En effet, à l’instar des institutions représentatives des avocats, les députés estiment qu’il n’y a eu jusqu’ici aucune concertation, contrairement à ce que soutient la garde des Sceaux. Certes des rapports ont été remis le 15 janvier dernier, avec un certain nombre de propositions, mais ils ne reflètent que des auditions et des consultations, a souligné Jérôme Gavaudan. La concertation effective commencera lorsque la Chancellerie aura fait part des propositions qu’elle a retenues. Ce qu’elle aurait dû faire avant le 15 février, conformément au calendrier fixé par la garde des Sceaux elle-même (sur ce point, voir notre article du 01/02/18 : « AG de la Conférence des bâtonniers : les avocats unis face aux futures réformes »), date à laquelle son directeur de cabinet s’est engagé à remettre une réflexion écrite avant la fin du mois… soit d’ici une semaine. Un délai a priori difficile à respecter, d’autant que Nicole Belloubet avait également annoncé que le projet de loi serait présenté à la mi-mars au Conseil des ministres. Ce qui implique que le Conseil d’État l’ait préalablement examiné.

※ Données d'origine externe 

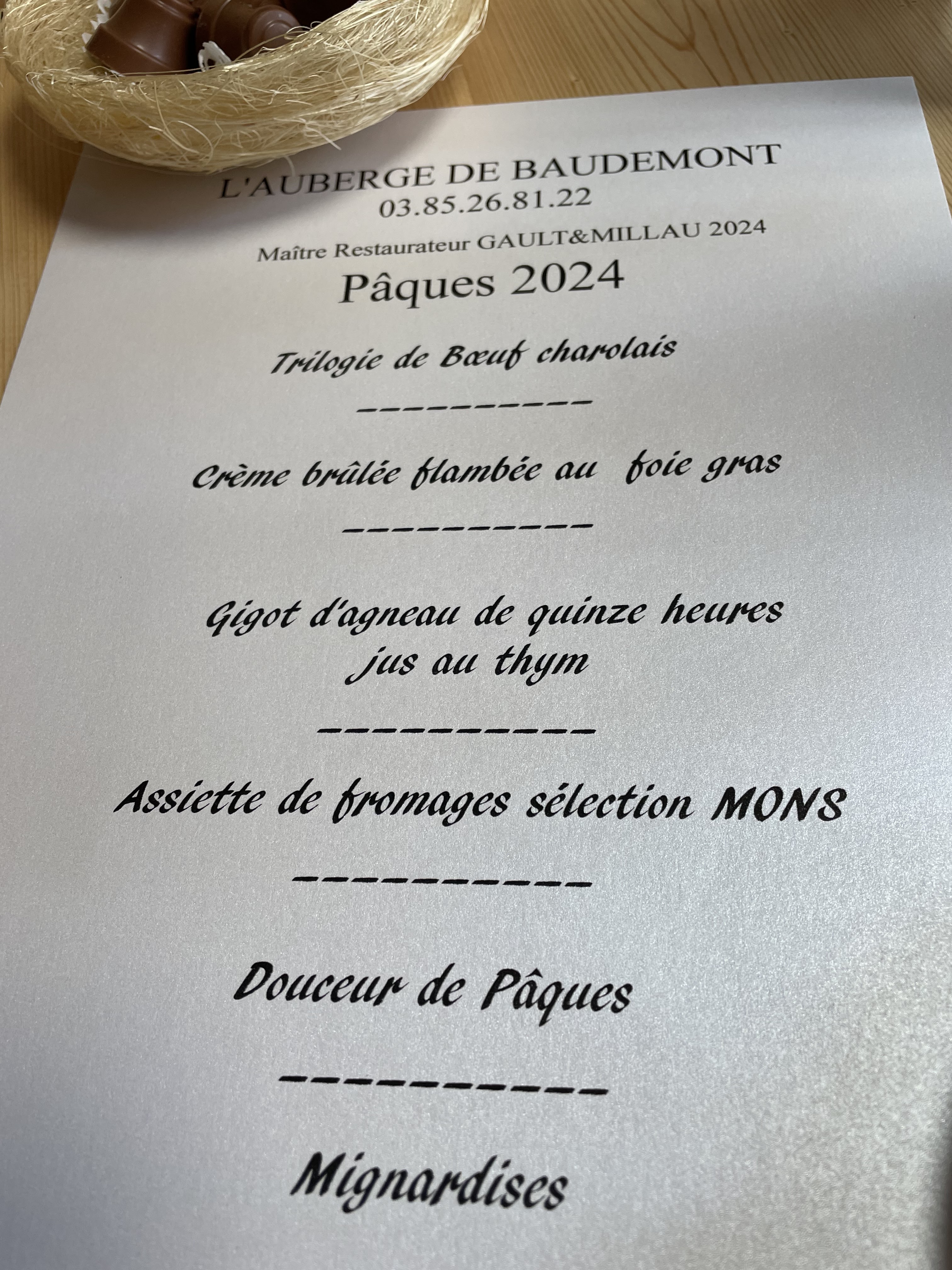 Passage pour le repas de Pâques 🐣 mais déçu du contenu des assiettes, hormis le gigot d’agneau qui était bien. À refaire mais peut être hors menu spécial !

Le calendrier semble aujourd’hui intenable et permet de nourrir toutes les inquiétudes, a déclaré Marie-Aimée Peyron : la Chancellerie va-t-elle reporter la date ? A-t-elle finalement déjà préparé un texte ? Ou compte-t-elle tout faire passer par voie de décret ? Toutes les options sont possibles...

En unissant leurs forces, députés et avocats espèrent bien peser dans le débat et obtenir des réponses, pour éviter que « la carte judiciaire soit retaillée par des comptables, pour des raisons budgétaires, ou en raison du simple fait qu’il y a moins de ressources humaines » pour la Justice, comme l’a déclaré à plusieurs reprises Christiane Féral-Schuhl, présidente du Conseil national des barreaux, qui était associée à cette réunion mais n’avait pu se libérer.